Why is this delete operation reported as success if the document is still there after refresh?

I'm deleting a bunch a documents in elasticsearch using helpers.streaming_bulk from the python library

for ok, results in helpers.streaming_bulk(
  _es_session.es_client,
  operations,
  max_retries=20,
  raise_on_error=False,
  refresh=True,
):
  action, result = results.popitem()

  logging.warning(
    {"message": "Delete operation", "details": result, "_id": result["_id"]}
  )

In this case operations is a list of deletes that look like

{
  "_index": "xxx",
  "_id": msg_id,
  "_op_type": "delete",
  "_routing": routing,
}

I'm logging the results of every delete operation and I just found one that looks like that

{
  "message": "Delete operation",
  "details": {
    "_index": "xxx",
    "_type": "_doc",
    "_id": "5e66366e42c85a0701986c1e",
    "_version": 416147310420656688,
    "result": "deleted",
    "forced_refresh": true,
    "_shards": {"total": 2, "successful": 2, "failed": 0},
    "_seq_no": 4930576,
    "_primary_term": 1,
    "status": 200
  },
  "_id": "5e66366e42c85a0701986c1e",
  "Module": "root",
  "Severity": "WARNING"
}

As you can see the status is 200, but when I run that query

GET /enriched_reviews_v9/_search
{
  "query": {
    "ids": {"values": ["5e66366e42c85a0701986c1e"]}
  },
  "_source": false
}

it returns the document.

I am missing something?
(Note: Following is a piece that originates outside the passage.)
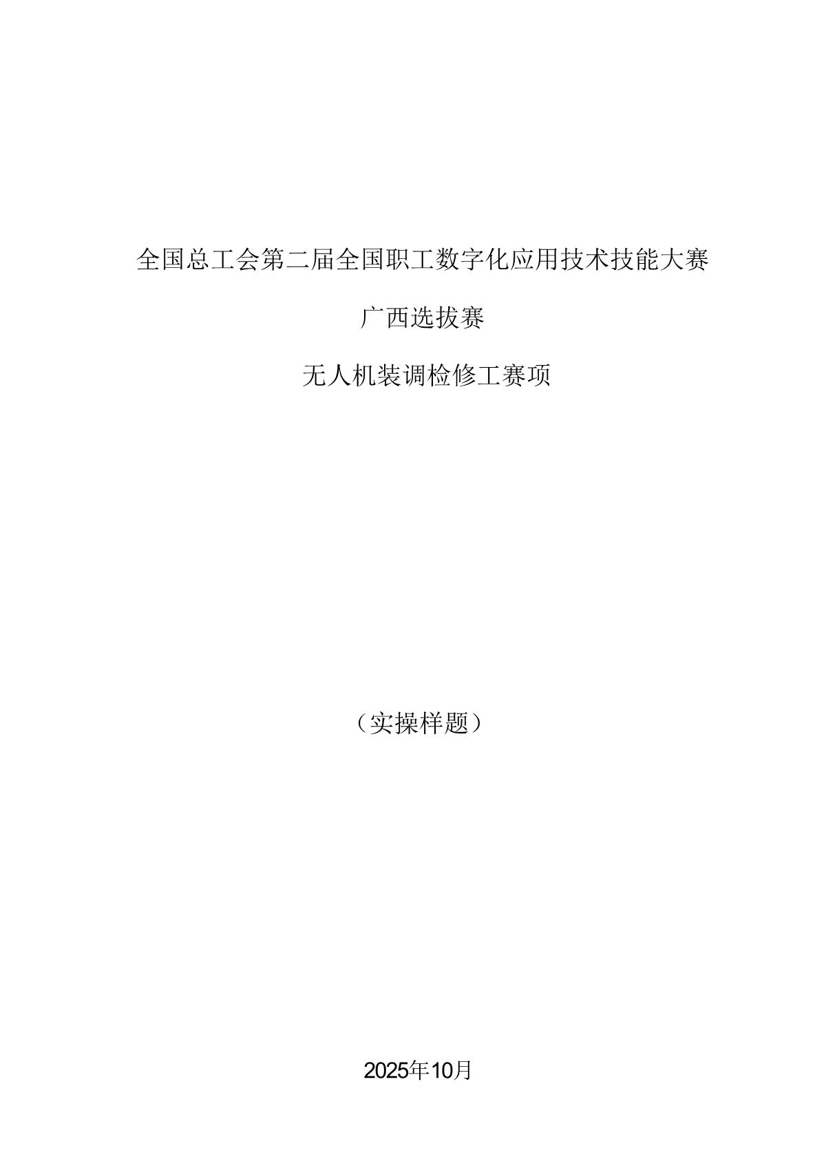 全国总工会第二届全国职工数字化应用技术技能大赛广西选拔赛无人机装调检修工赛项样题

Why is this delete operation reported as success if the document is still there (I'm forcing a refresh)

Are you using routing? If so, did you supply the same routing key when deleting as indexing? What happens if you query using the same routing parameter?

Yes I'm using a rounting key and I'm provifding it correctly. It setup my mapping using

"_routing": {
  "required": true
 }

so it raises an exception if I don't do it. I am thinking about a race condition, but I can't explain why. Maybe if I provide more details you will have a better idea of what is hapening.

I'm having an army of robots (2 to 20) listening to a stream of messages containing _id. I then do a search with a batch of _id to get the corresponding _routing key so I can use both _id and _routing to create delete actions in a bulk operation. I'm adding refresh=true and the bulk call to the change is imediately available to other robots.

It seems that this error is happening when two robots receive the same _id around the same time and try to perform the steps descibed :point_up:

Does that help a bit?

Routing ensures that all documents with the same key end up in the same shard. It does however not mean that documents associated with two different routing keys will end up in different shards. If you have documents with the same id but different routing keys, they can therefore affect each other.

Routing id is not a name space and it is possible to have much much more routing keys than you have shards.

Could this explain what you are seeing?

I don't think so, routing keys are unique for an id. I maybe found something else, related to _version. I can see in the logs that this document was successfully deleted

{
  "message": "Delete operation", 
  "details": {
    "_index": "xxx",
    "_type": "_doc",
    "_id": "5ea608578cf0ecd7dd2d165f",
    "_version": 420329815420844587,
    "result": "deleted",
    "forced_refresh": true,
    "_shards": {
      "total": 2,
      "successful": 2,
      "failed": 0
    }, 
    "_seq_no": 4821083,
    "_primary_term": 1,
    "status": 200
}

but it is still in the index when I query it using

GET /xxx/_search?routing=5bf52d5b9984980001acdc04
{
  "query": {
    "ids": {"values": ["5ea608578cf0ecd7dd2d165f"]}
  },
  "version": true
}

But the version I have in my index is 420329815420844603 and the version that was successfully deleted was 420329815420844587.

I'm adding more logs to see if someone is inserting the document again in between. I'll let you know if I find something, but it looks like the problem is not a race condition. Thanks a lot for your help

It looks like you are not searching with routing key specified so it is possible the document you are finding is not in the ‘correct’ shard? Try searching with the appropriate key.

Oups sorry, I forgot to include routing in my previous message (just edited it) but I am using routing correctly and have the same problem

Can you create a minimal script that reproduces the problem? That will help us see in detail the steps involved and the parameters used.